Romney’s plan of attack against Perry

With the last few polls showing Rick Perry as the frontrunner in the Republican field for president, Mitt Romney is no doubt trying to figure out how to slow that train down. Pver the Washington Post, Marc Thiessen explains Romney’s plan:

If Perry fails to implode and continues to surge in the polls, Romney eventually will have to go on the attack — an assault his advisers say will commence “at a time of our choosing.” Romney strategists are quick to note that in his book, “Fed Up!,” Perry writes that “By any measure, Social Security is a failure” and calls the program “something we have been forced to accept for more than 70 years now” that was created “at the expense of respect for the Constitution and limited government.”

Look at what happened to Paul Ryan when he proposed a plan to save Medicare, they say. Romney’s campaign will argue that Perry is against the very idea of Social Security and Medicare, and that he will use Perry’s book to scare seniors in early-primary states with large retiree populations, such as Florida and South Carolina.
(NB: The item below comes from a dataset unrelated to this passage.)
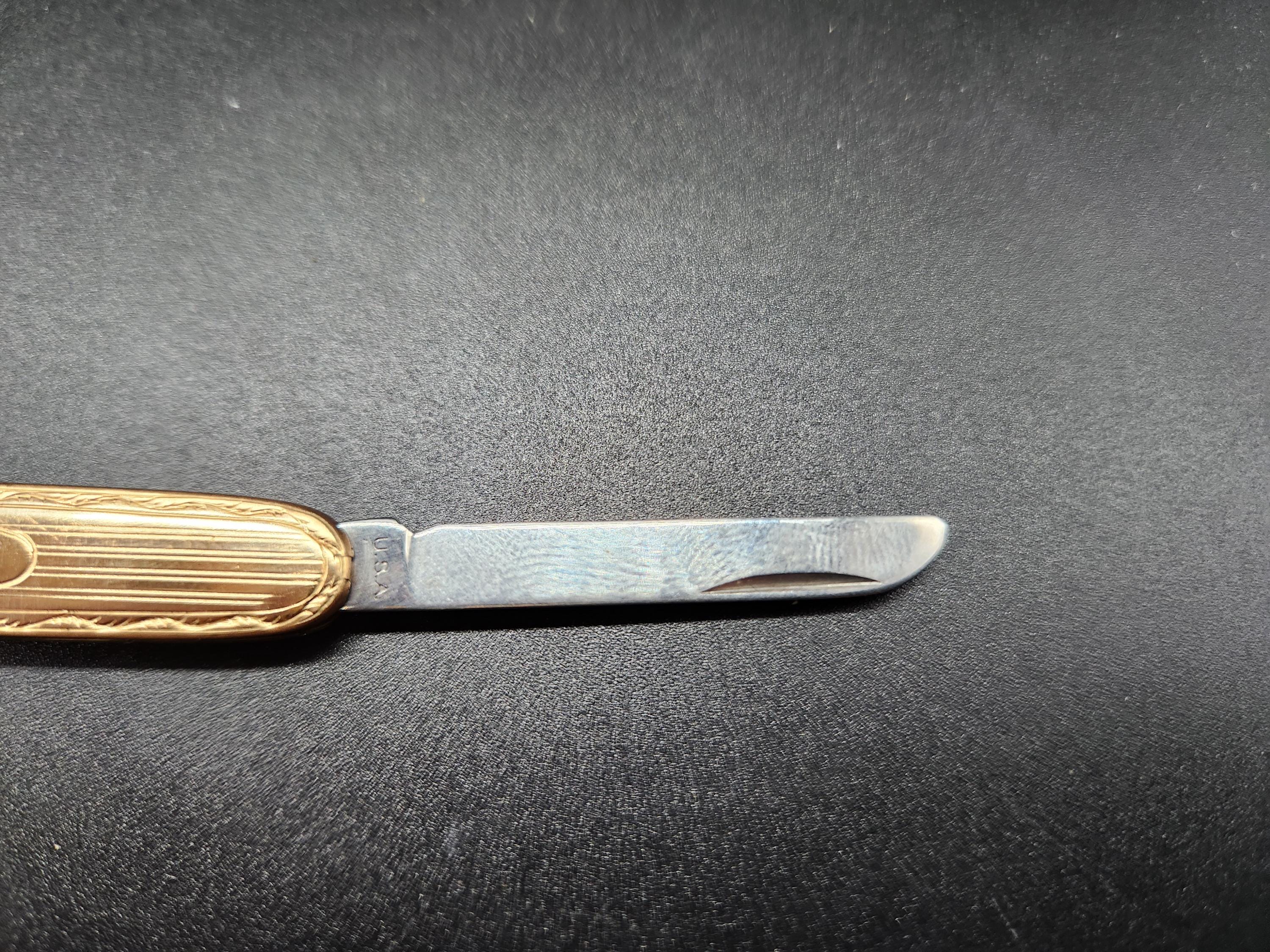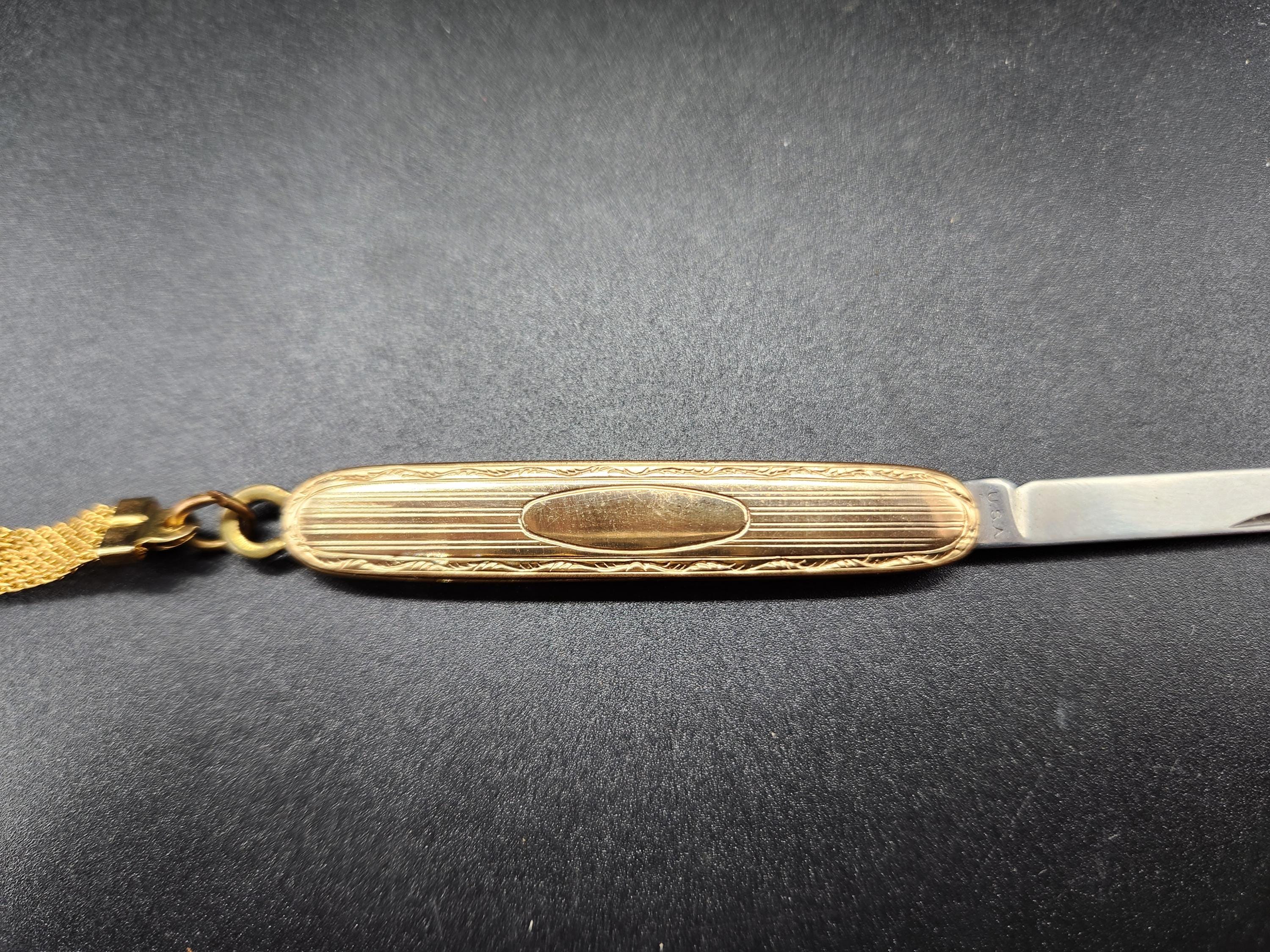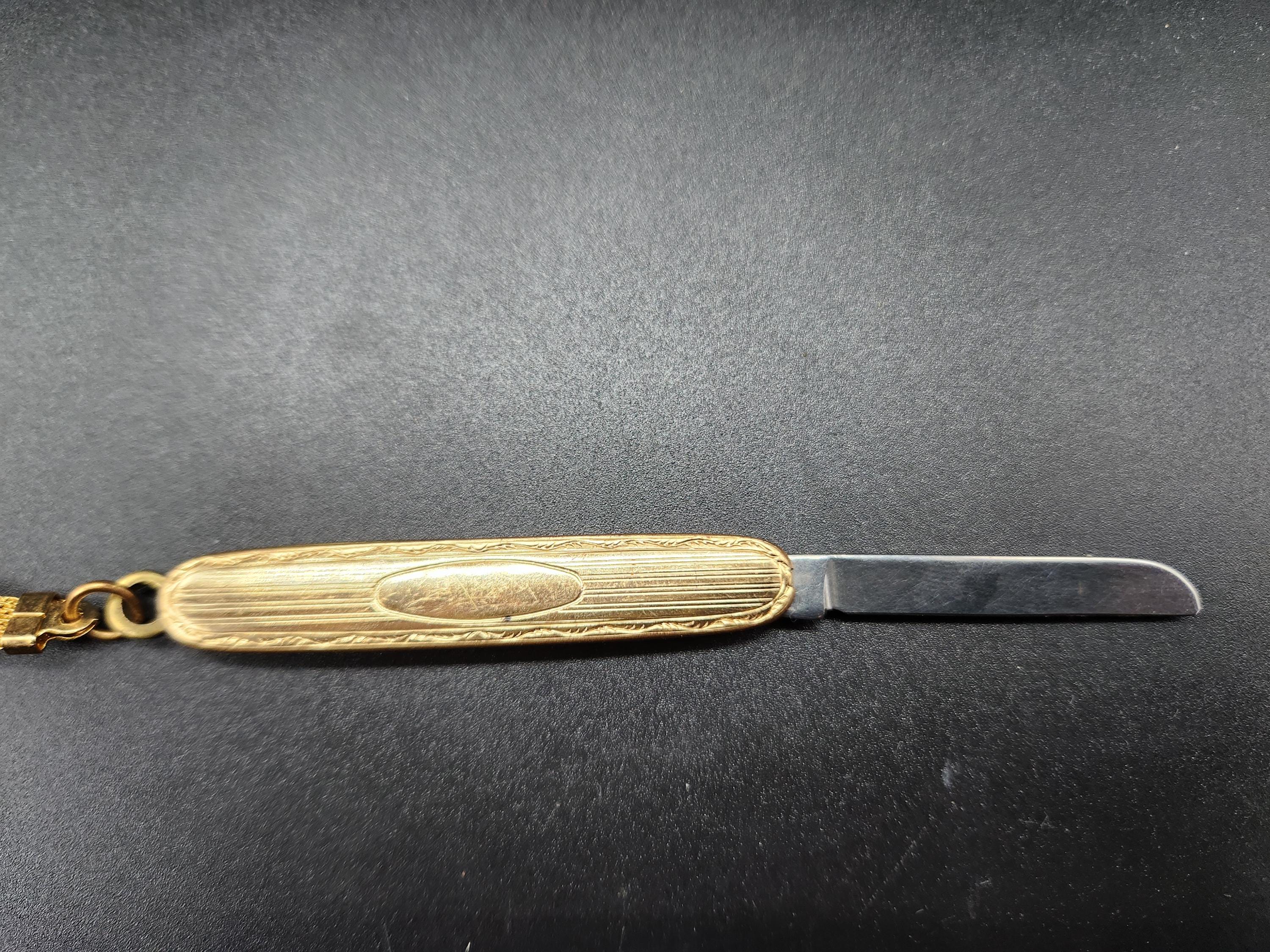 Early 1900s Etched Gold Single Blade Folding Pocket Knife or Book Cutter on Chain and Key Fob Made U.S.A., Possibly Gold Filled (most knives like this are), Not Marked. Knife is 2.5" long, fob chain is also 2.5" long, blade is 1.5" long.

The Romney campaign also plans to use immigration to drive a wedge between Perry and his conservative base, by highlighting Perry’s opposition to a border fence and legislation he signed in 2001 allowing the children of illegal immigrants to attend Texas colleges and universities at in-state tuition. Without mentioning Perry by name, Romney pointed out at a town hall here in Dover that he vetoed similar legislation as governor of Massachusetts, declaring, “If you say, guess what, if you come here illegally, your kids will get [in-state tuition], that draws more people here illegally.” Romney strategists believe the immigration issue will be devastating for Perry with Tea Party Republicans across the country — and especially in important primary states like Arizona.

Team Romney intends to undermine Perry’s appeal on the right by painting him as the anti-government candidate who has spent most of his life in government — first as a state legislator, then as agriculture secretary, lieutenant governor and governor. They will tar Perry as an old-style Texas, pay-to-play, career politician whose state is worse off now than when he first took office. They will contrast Perry’s quarter-century in government with Romney’s 25 years creating jobs in the private sector. Romney hinted at this line of attack at a town hall meeting in Keene last week, declaring, “I won’t just have been somebody who watched jobs be created, I actually created jobs.. . . I spent four years in government. I joke that I didn’t inhale.”
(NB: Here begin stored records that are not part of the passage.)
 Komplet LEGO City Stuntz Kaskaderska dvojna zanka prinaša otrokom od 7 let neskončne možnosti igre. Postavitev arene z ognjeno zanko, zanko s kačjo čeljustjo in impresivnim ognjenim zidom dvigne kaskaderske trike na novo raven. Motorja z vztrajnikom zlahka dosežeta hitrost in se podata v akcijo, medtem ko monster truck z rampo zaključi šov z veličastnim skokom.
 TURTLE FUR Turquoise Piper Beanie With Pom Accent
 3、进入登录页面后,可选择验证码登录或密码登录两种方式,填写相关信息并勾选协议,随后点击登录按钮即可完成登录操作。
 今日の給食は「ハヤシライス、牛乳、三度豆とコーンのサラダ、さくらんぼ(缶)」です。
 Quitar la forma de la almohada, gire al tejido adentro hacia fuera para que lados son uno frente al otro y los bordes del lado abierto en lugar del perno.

Perry will have answers for these and other charges, and attacks of his own planned for Romney. But Romney’s team believes that Republicans want, above all, a nominee who can beat President Obama — and points to a recent Mason-Dixon poll in Florida that shows Romney defeating Obama handily if the election were held today, while Perry is in a statistical dead-heat with Obama. (Other polls show Perry well ahead of Obama in Florida.)

The Romney campaign will argue that Perry repels independents and can’t win in key swing states such as Florida, Ohio, Wisconsin, Pennsylvania and Michigan — while Romney can.

Smart politics, of course, but some of these points are these points are things we’d hear from Democrats, specifically on entitlements. Sure, Perry has expressed some problems he has with Social Security, including that it’s a Ponzi scheme and unconsitutional (sorry, SCOTUS got that one wrong).

As I’ve noted before, Perry is going to run on the jobs created in his state during the recession. That is going to be a strong rhetorical points during the GOP primary and it’s not something that Romney will be easy to dismiss. Immigration and electability are both points that Romney will really have to hammer against Perry, but those two issues - much like traditional social issues - probably aren’t going to be a the forefront of Republican voters’ minds.

Perry may eventually fade if he doesn’t do well in debates and winds up having a major gaffe. Perry is reaping the benefits of conservatives and tea partyers distrust of Romney.

Romney’s problems are ultimately his fault and while he may chip away at Perry’s sizeable, he has a lot to do as far as winning over skeptics.